Since the listing below shows pictures, leave them out and write out exactly the lines from the line with "The plot above" to the line with "계기판상 97% 충전", both included, and no others.

===== SOURCE DATA =====

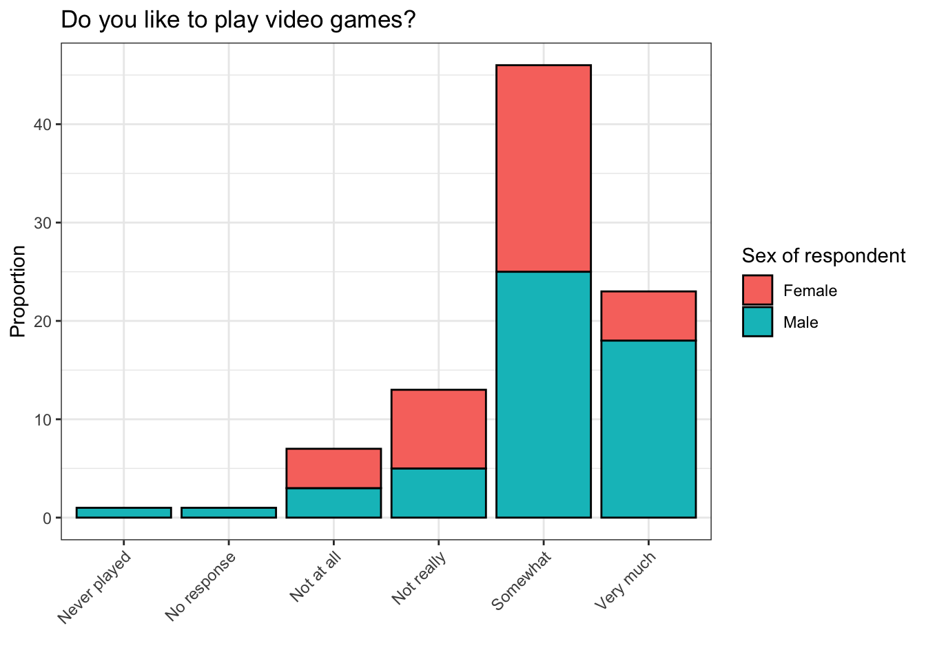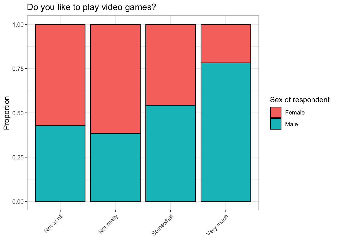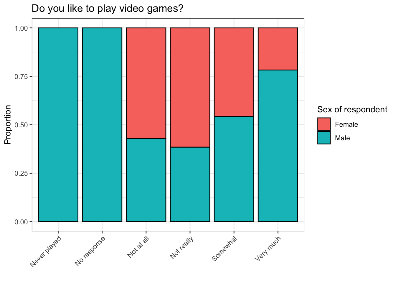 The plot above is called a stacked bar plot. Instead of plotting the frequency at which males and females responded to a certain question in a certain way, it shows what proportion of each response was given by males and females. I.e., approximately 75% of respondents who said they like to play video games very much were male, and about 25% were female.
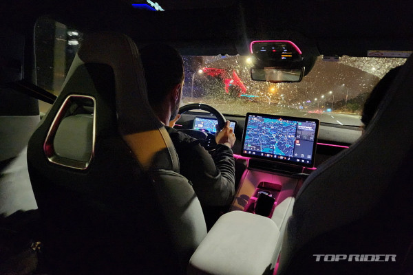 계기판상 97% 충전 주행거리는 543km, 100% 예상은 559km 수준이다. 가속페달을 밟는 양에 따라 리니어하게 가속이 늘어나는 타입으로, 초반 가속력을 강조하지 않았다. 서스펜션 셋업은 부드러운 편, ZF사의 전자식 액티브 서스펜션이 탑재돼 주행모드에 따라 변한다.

=====
===== SOURCE DATA =====

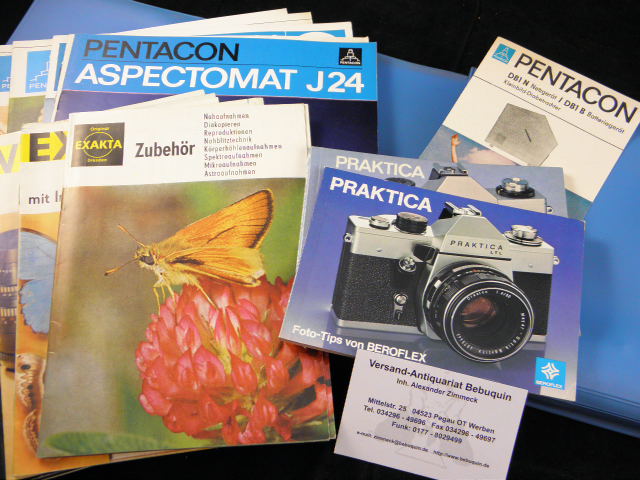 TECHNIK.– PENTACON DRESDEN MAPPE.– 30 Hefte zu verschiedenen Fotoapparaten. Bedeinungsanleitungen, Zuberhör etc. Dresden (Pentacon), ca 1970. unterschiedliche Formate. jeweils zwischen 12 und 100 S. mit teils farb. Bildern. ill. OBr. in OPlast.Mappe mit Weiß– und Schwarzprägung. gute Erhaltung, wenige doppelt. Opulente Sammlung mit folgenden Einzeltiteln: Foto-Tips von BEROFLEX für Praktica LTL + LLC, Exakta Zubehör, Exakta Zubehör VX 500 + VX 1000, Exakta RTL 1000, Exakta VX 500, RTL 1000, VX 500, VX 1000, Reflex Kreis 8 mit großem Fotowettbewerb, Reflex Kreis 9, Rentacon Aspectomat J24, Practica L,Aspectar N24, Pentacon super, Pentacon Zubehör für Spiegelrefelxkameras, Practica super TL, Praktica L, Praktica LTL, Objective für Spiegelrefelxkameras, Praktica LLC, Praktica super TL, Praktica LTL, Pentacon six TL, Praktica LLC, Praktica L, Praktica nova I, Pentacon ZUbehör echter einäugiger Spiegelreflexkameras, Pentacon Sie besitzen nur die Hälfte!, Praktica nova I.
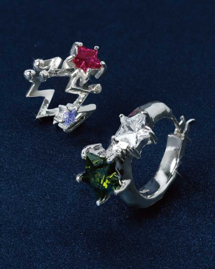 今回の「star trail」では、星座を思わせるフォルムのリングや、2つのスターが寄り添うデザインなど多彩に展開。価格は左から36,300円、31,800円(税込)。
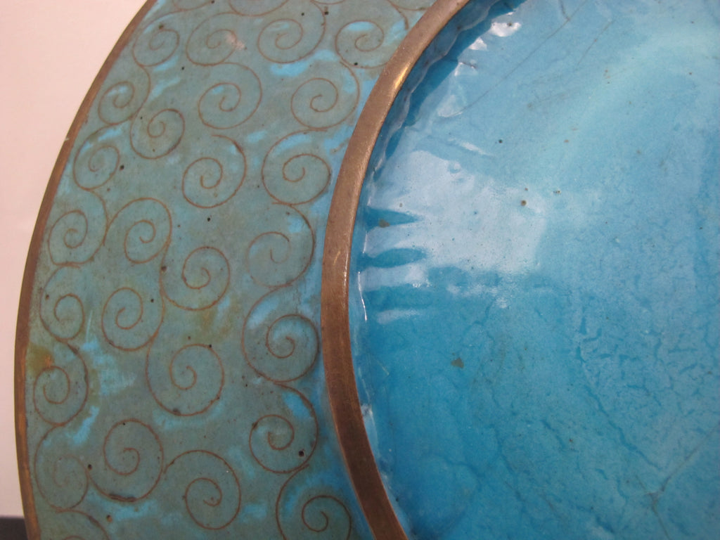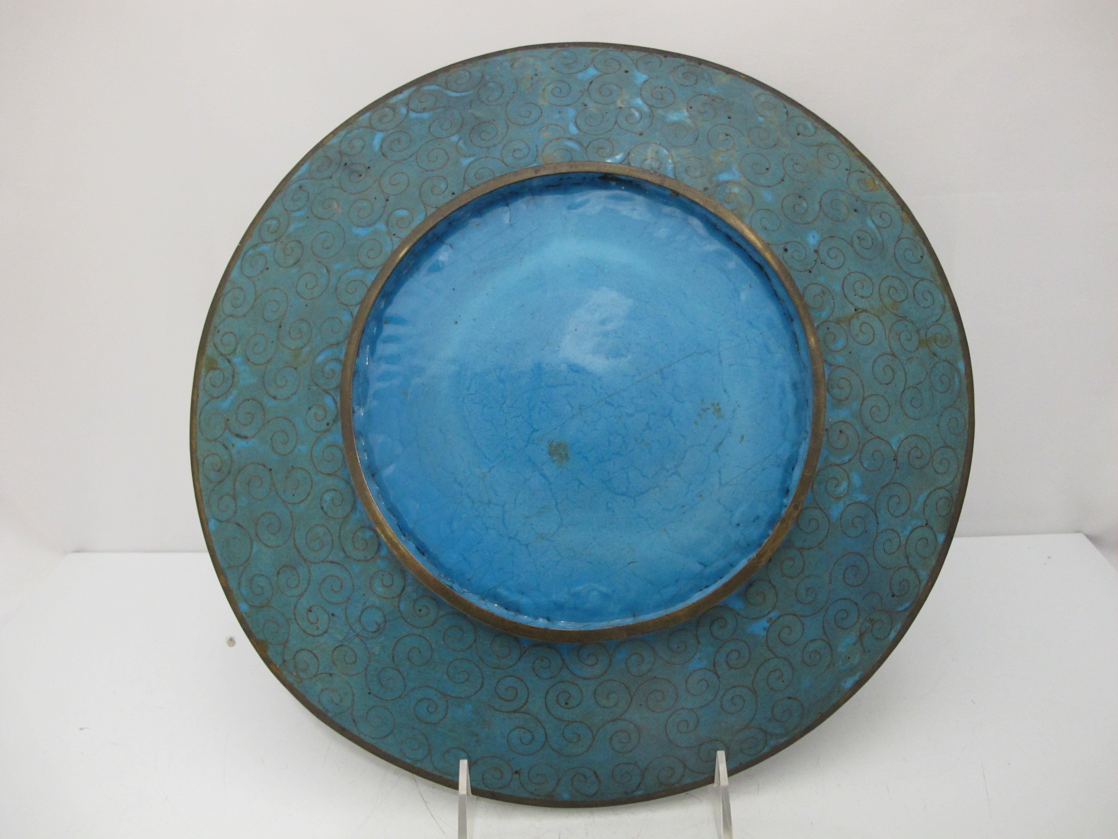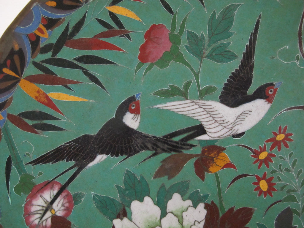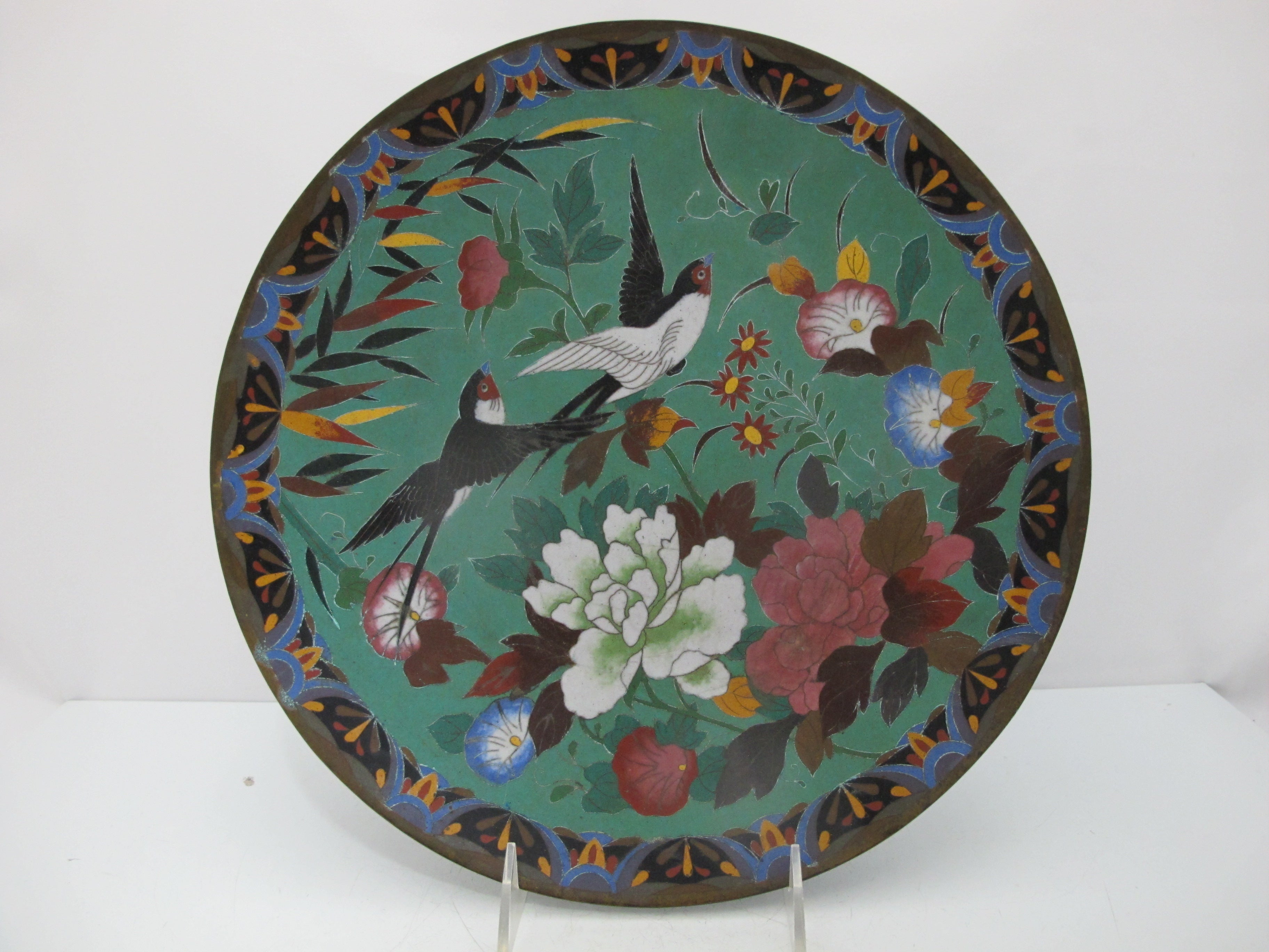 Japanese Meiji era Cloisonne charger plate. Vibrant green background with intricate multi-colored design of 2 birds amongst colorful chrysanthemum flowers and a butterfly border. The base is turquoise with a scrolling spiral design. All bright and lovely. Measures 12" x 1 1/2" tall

=====
===== SOURCE DATA =====

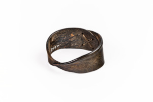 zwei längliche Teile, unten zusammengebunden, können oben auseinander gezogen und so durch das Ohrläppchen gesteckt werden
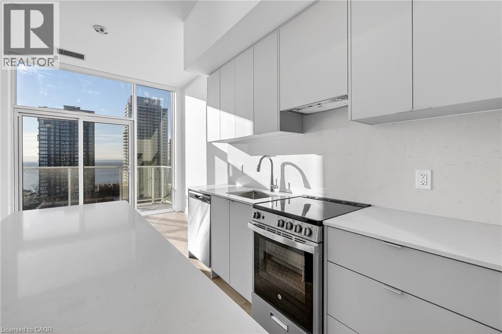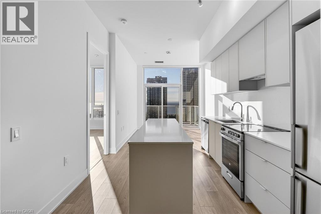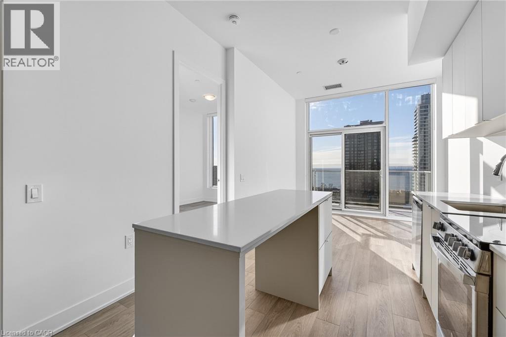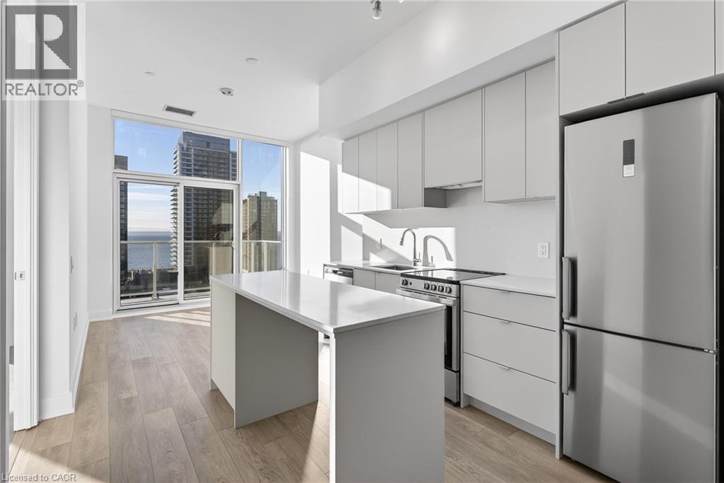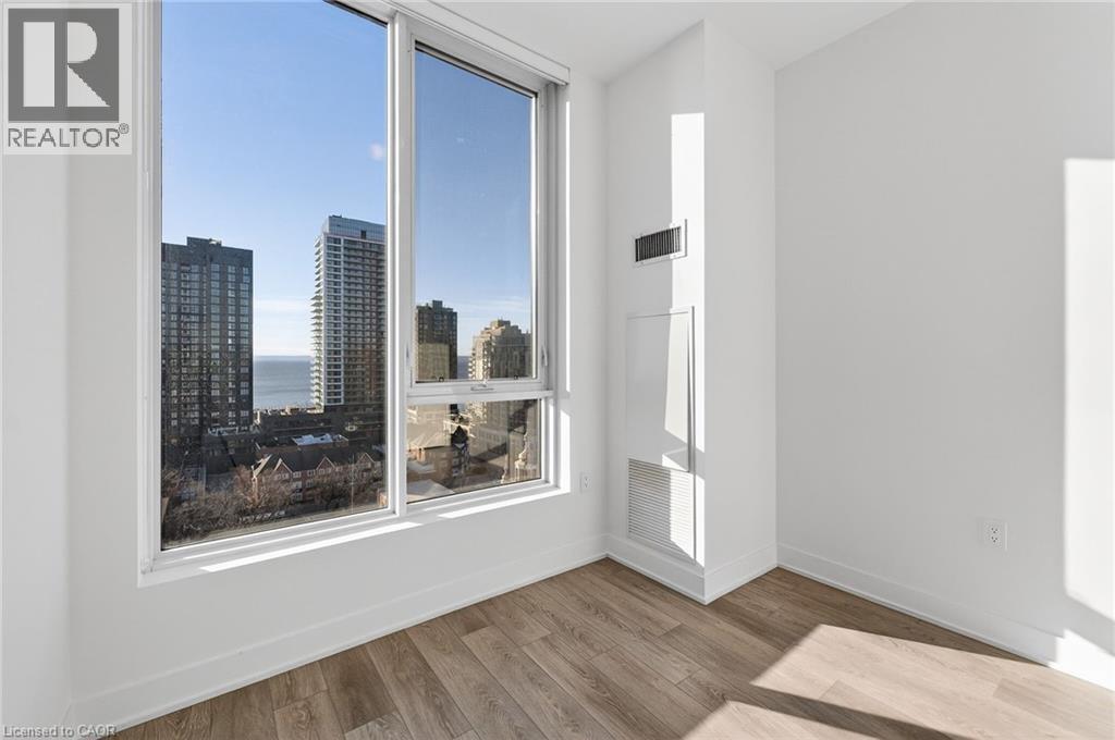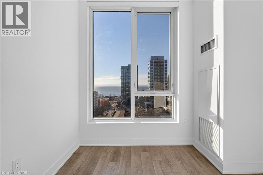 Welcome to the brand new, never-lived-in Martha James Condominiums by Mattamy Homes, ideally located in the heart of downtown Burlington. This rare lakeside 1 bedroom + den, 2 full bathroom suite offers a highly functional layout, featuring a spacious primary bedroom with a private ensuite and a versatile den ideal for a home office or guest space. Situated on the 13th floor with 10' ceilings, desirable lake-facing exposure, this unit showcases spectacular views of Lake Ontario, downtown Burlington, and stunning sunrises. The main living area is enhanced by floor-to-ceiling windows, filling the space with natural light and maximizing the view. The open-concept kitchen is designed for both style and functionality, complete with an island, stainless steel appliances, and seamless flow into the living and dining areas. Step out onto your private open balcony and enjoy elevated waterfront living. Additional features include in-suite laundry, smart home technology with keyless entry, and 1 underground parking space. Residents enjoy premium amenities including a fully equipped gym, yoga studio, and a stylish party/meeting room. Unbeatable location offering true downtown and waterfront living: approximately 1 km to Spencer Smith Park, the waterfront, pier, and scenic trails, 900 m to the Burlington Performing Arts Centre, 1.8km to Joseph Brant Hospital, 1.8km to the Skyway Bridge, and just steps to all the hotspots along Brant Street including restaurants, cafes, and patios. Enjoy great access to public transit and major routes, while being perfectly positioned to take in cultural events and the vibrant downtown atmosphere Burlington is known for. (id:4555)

=====

● **ANSWER BOX**
 The plot above is called a stacked bar plot. Instead of plotting the frequency at which males and females responded to a certain question in a certain way, it shows what proportion of each response was given by males and females. I.e., approximately 75% of respondents who said they like to play video games very much were male, and about 25% were female.
 계기판상 97% 충전 주행거리는 543km, 100% 예상은 559km 수준이다. 가속페달을 밟는 양에 따라 리니어하게 가속이 늘어나는 타입으로, 초반 가속력을 강조하지 않았다. 서스펜션 셋업은 부드러운 편, ZF사의 전자식 액티브 서스펜션이 탑재돼 주행모드에 따라 변한다.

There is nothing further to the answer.